Keyword-Extraction-Datasets

This repository contains seven annotated datasets for automatic keyword extraction task. Every dataset contains a document (.txt or .abstr) and its corresponding gold-standard keywords list (.key or .uncontr). These datasets were used for our study of supervised and unsupervised keyword extraction. Following are the links to our published works.

sCAKE: Semantic Connectivity Aware Keyword Extraction

Complex Network based Supervised Keyword Extractor.

Following are the datasets and the original papers which proposed them.

Hulth2003: Contains abstracts from Inspec dataset. Originally downloaded from https://github.com/snkim/AutomaticKeyphraseExtraction.
WWW and KDD: CS abstracts from KDD and WWW conferences. We have only kept those documents that contain at least two sentences and atleast one gold-standard keyword. Originally downloaded from https://www.dropbox.com/s/3c57qar1b0xseob/kpshare.tgz?dl=0 (Link is not available now).
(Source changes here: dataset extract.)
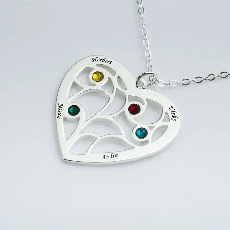 The Radiant Family Birthstone Necklace beautifully showcases the love shared between family members.Designed with an openwork heart shape and multiple vibrant birthstones, it brings each name and gemstone together in a meaningful way.
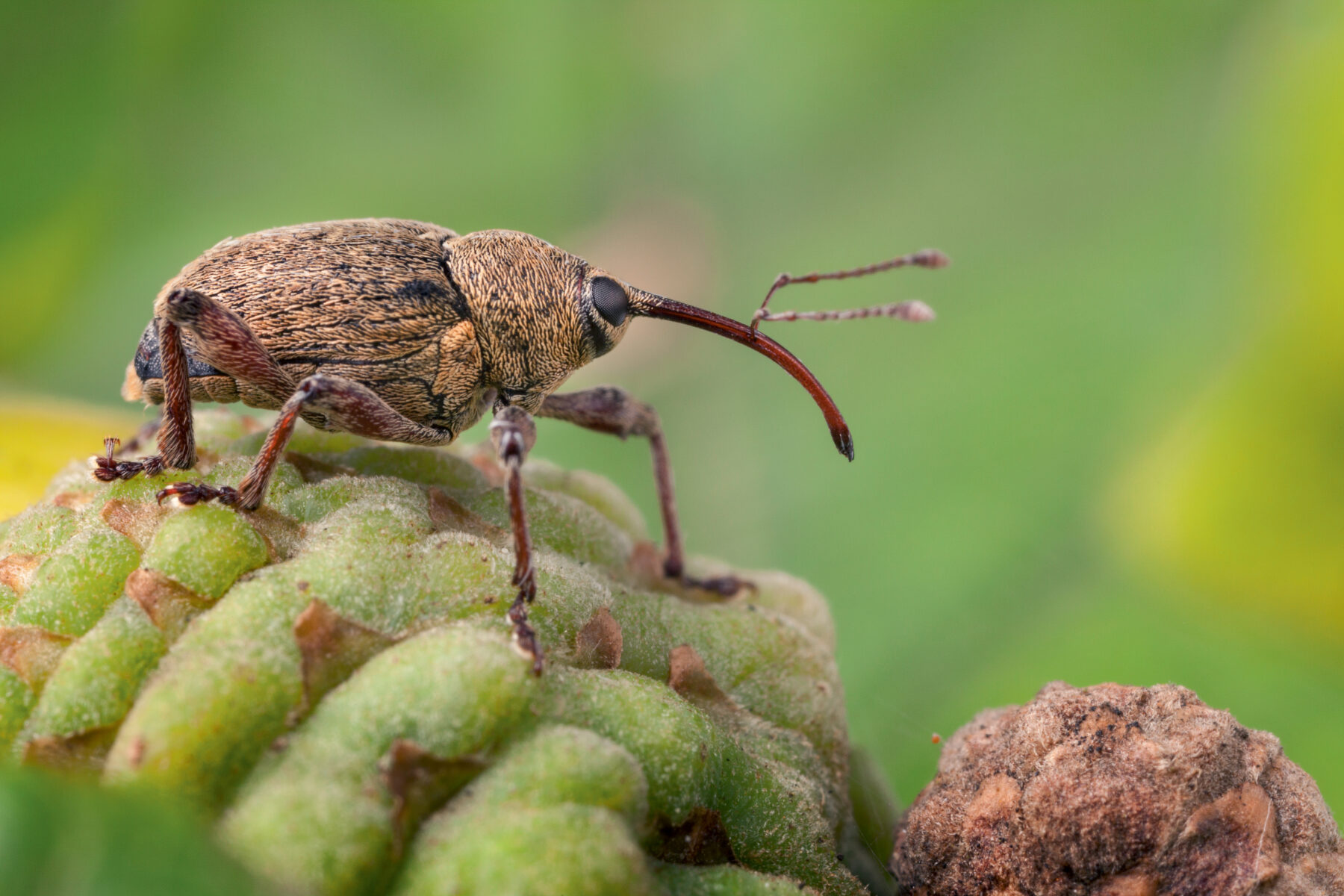 C’est un roc, c’est un pic, c’est un cap ! L’interminable « nez » du balanin des glands lui confère une allure inimitable. Chez la femelle de ce coléoptère, le rostre est 2 à 3 fois plus développé que celui du mâle et peut atteindre la longueur du corps. Elle utilise cet appendice pour percer la cupule et la coque des glands afin d’y pondre ses œufs. La structure microscopique de cet appareil de forage lui donne assez de souplesse pour se courber, tout en étant assez rigide pour éviter qu’il ne plie ou ne rompe sous l’effort.

Full dataset can be downloaded from https://github.com/LIAAD/KeywordExtractor-Datasets/tree/master/datasets.
Marujo2012: News articles. Originally downloaded from https://github.com/snkim/AutomaticKeyphraseExtraction.
Krapivin2012: ACM full papers. Originally downloaded from https://github.com/snkim/AutomaticKeyphraseExtraction.
Semeval2010: ACM full papers. Originally downloaded from https://github.com/snkim/AutomaticKeyphraseExtraction.
NLM500: PubMed documents. Originally downloaded from https://github.com/zelandiya/keyword-extraction-datasets. Created for abstractive KE task.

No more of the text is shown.